Assignment. The answer should hold only the lines from the beginning of the listing below to the line containing "Length- 5.60 mtr |", both included, with every picture left out.

Listed entries.
######
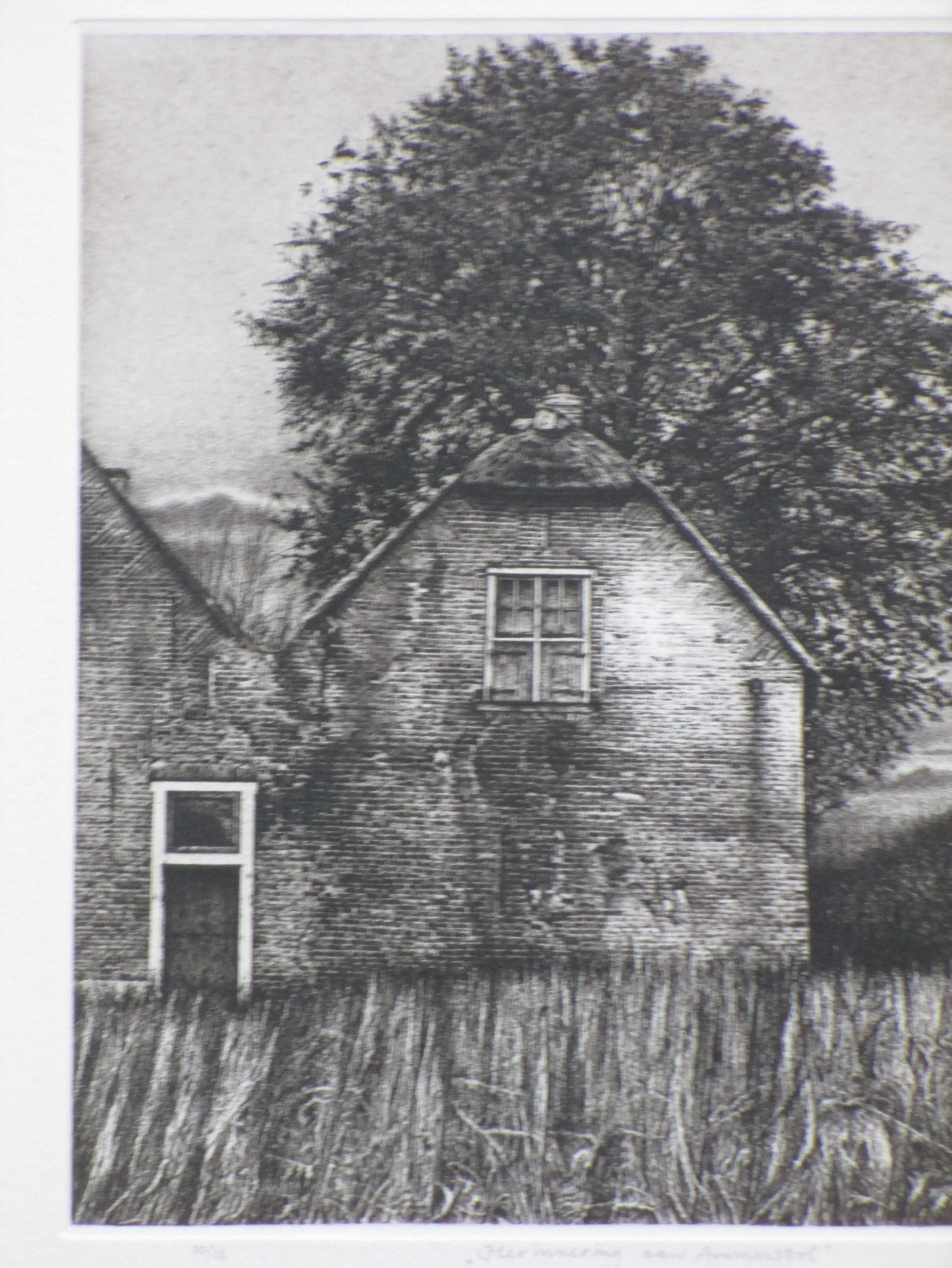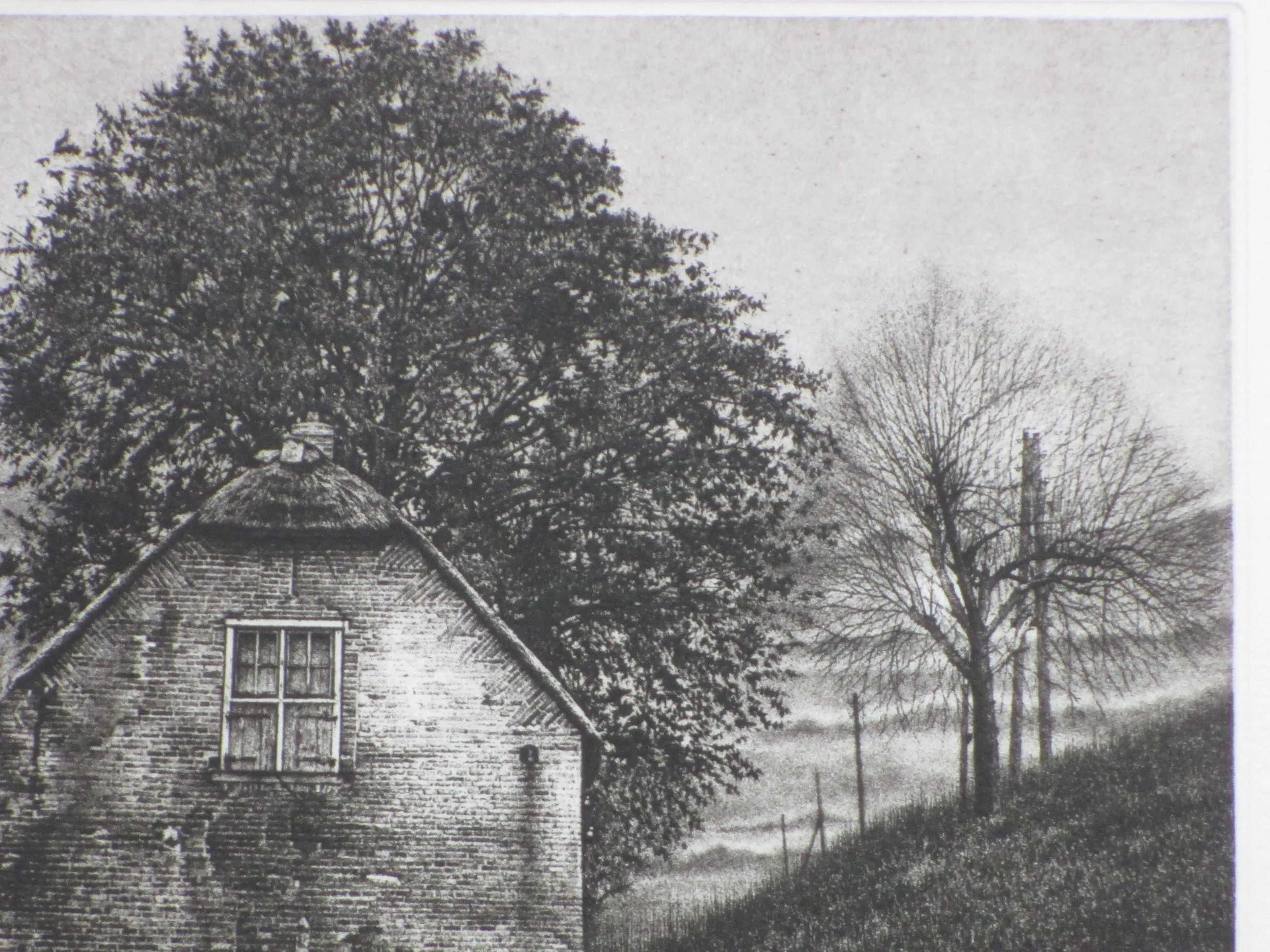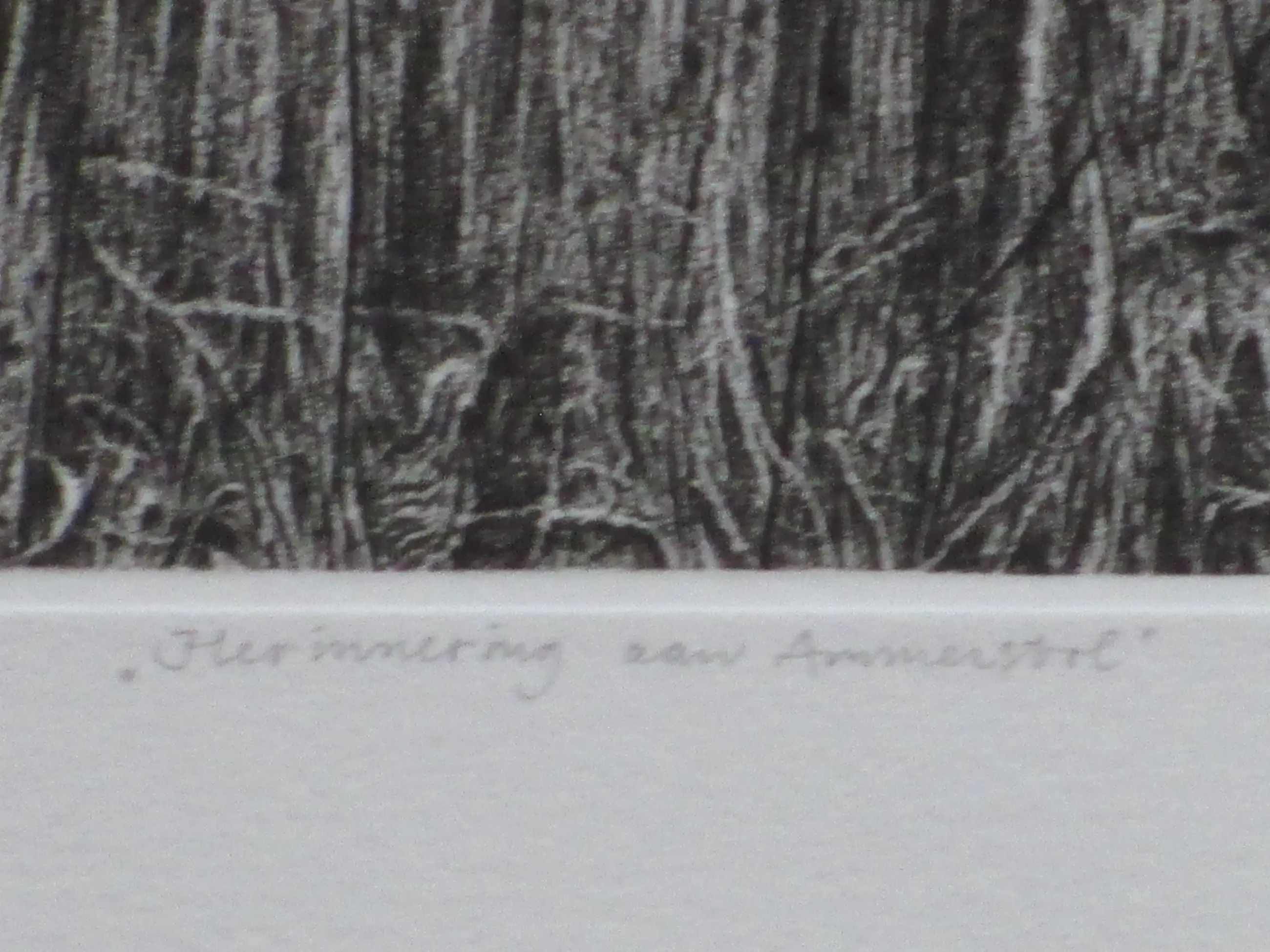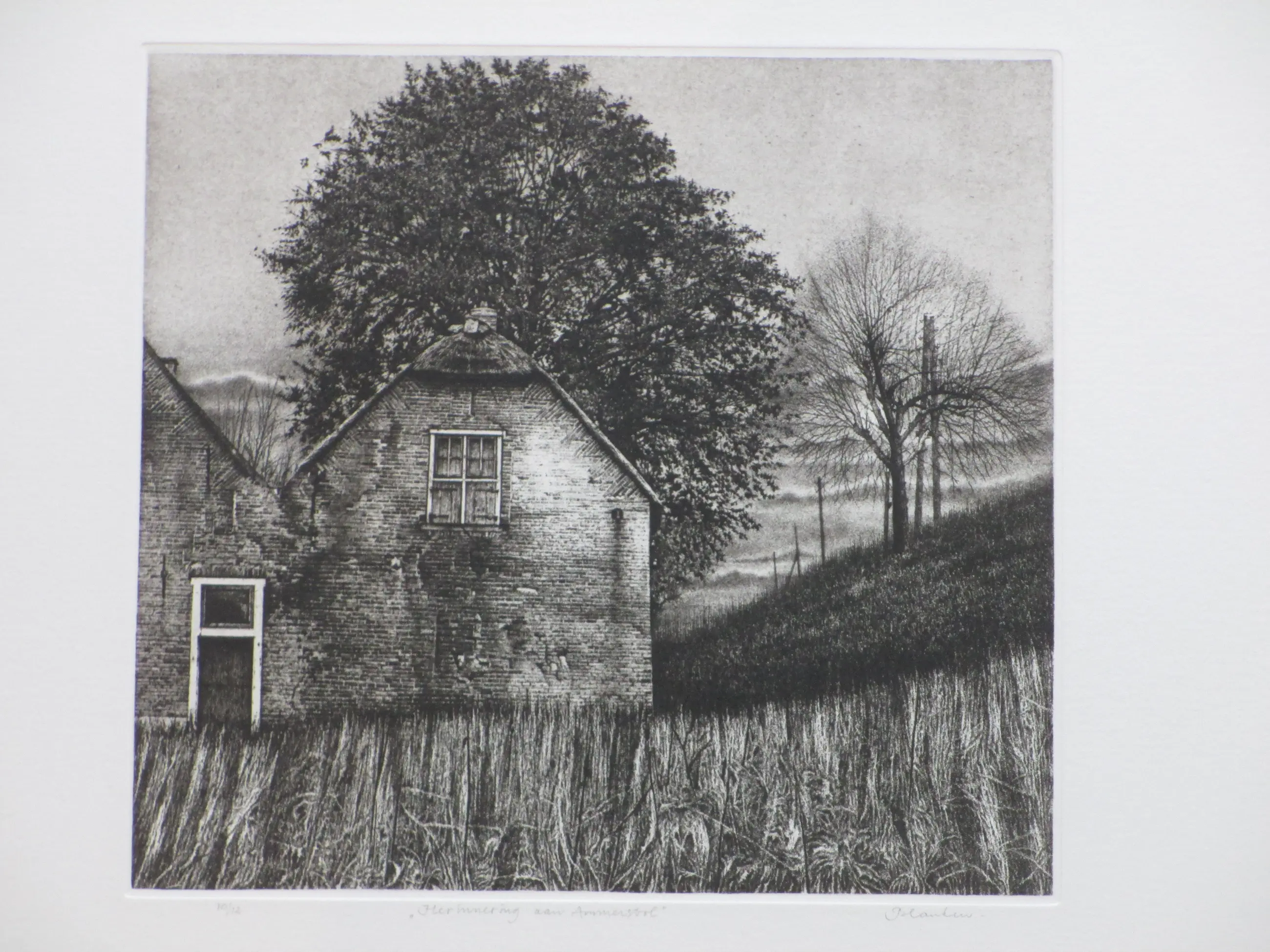 Ets door Hans Blanken Voorstelling van een boerderij in een landschap Losbladig, beeldmaat 17x19, bladmaat 32x38 Gesigneerd in potlood r.o.: 'Blanken' Getiteld in potlood m.o.: 'Herinnering aan Ammerstol' Genummerd in potlood l.o.: '10/12' Authenticiteit volledig gegarandeerd
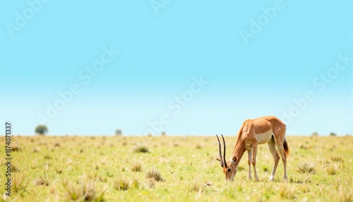 Grazing antelope under clear blue sky in vast savanna, natural habitat
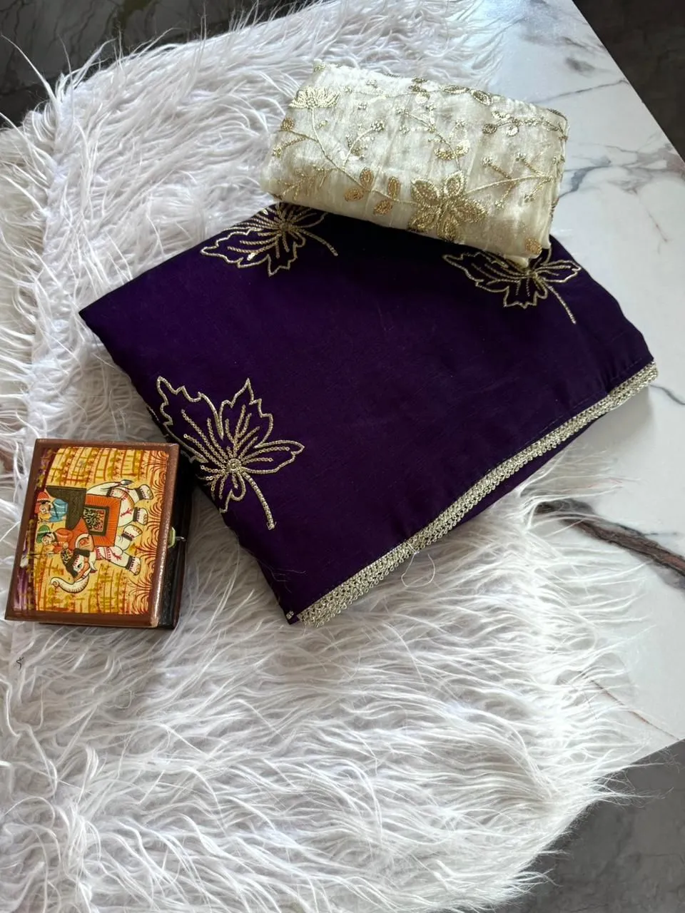 | Saree | Soft Vichitra silk with 3mm sequins embroidery work with readymade lace border, Length- 5.60 mtr |
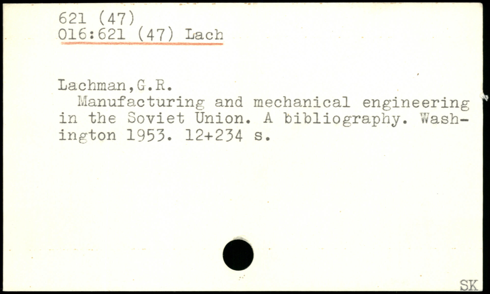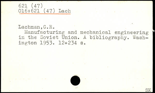 Manufacturing and mechanical engineering in the Soviet Union. A "bibliography. Wash- j ington 1953.
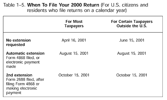 If you have a balance due with your return, you must pay it by April 16, 2001, to avoid late-payment penalties and interest. You can make your payment electronically by direct debit to your checking or savings account or by credit card.
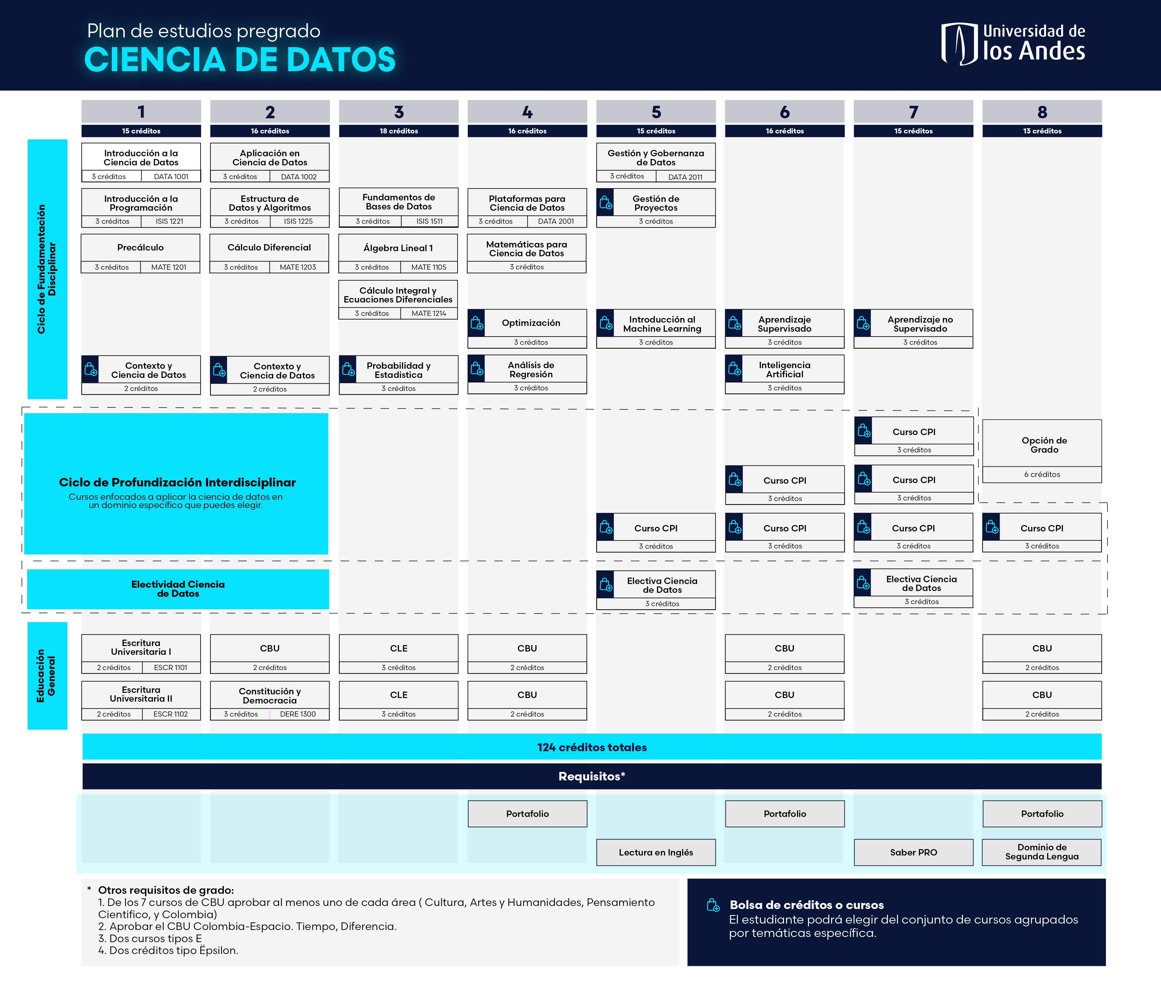 El pregrado en Ciencia de Datos de la Universidad de los Andes es una propuesta innovadora e interdisciplinaria que reúne la experiencia de las facultades de Ingeniería, Ciencias, Ciencias Sociales, Administración y Economía. Está diseñado para formar profesionales capaces de enfrentar desafíos complejos mediante el análisis y la interpretación de datos, combinando una base sólida en matemáticas, estadística, programación y modelación con la aplicación práctica en diversos contextos reales. A través de módulos interdisciplinarios y trabajo en equipo, los estudiantes desarrollan una visión crítica y colaborativa que les permite conectar herramientas de ciencia de datos con problemas del mundo real. Su enfoque flexible, su modalidad presencial y la posibilidad de articularse con otros programas de pregrado y posgrado permiten una formación integral, ética y con visión de futuro, respondiendo a las crecientes demandas del entorno laboral en Colombia y el mundo.
######
Response to the task.
 Ets door Hans Blanken Voorstelling van een boerderij in een landschap Losbladig, beeldmaat 17x19, bladmaat 32x38 Gesigneerd in potlood r.o.: 'Blanken' Getiteld in potlood m.o.: 'Herinnering aan Ammerstol' Genummerd in potlood l.o.: '10/12' Authenticiteit volledig gegarandeerd
 Grazing antelope under clear blue sky in vast savanna, natural habitat
 | Saree | Soft Vichitra silk with 3mm sequins embroidery work with readymade lace border, Length- 5.60 mtr |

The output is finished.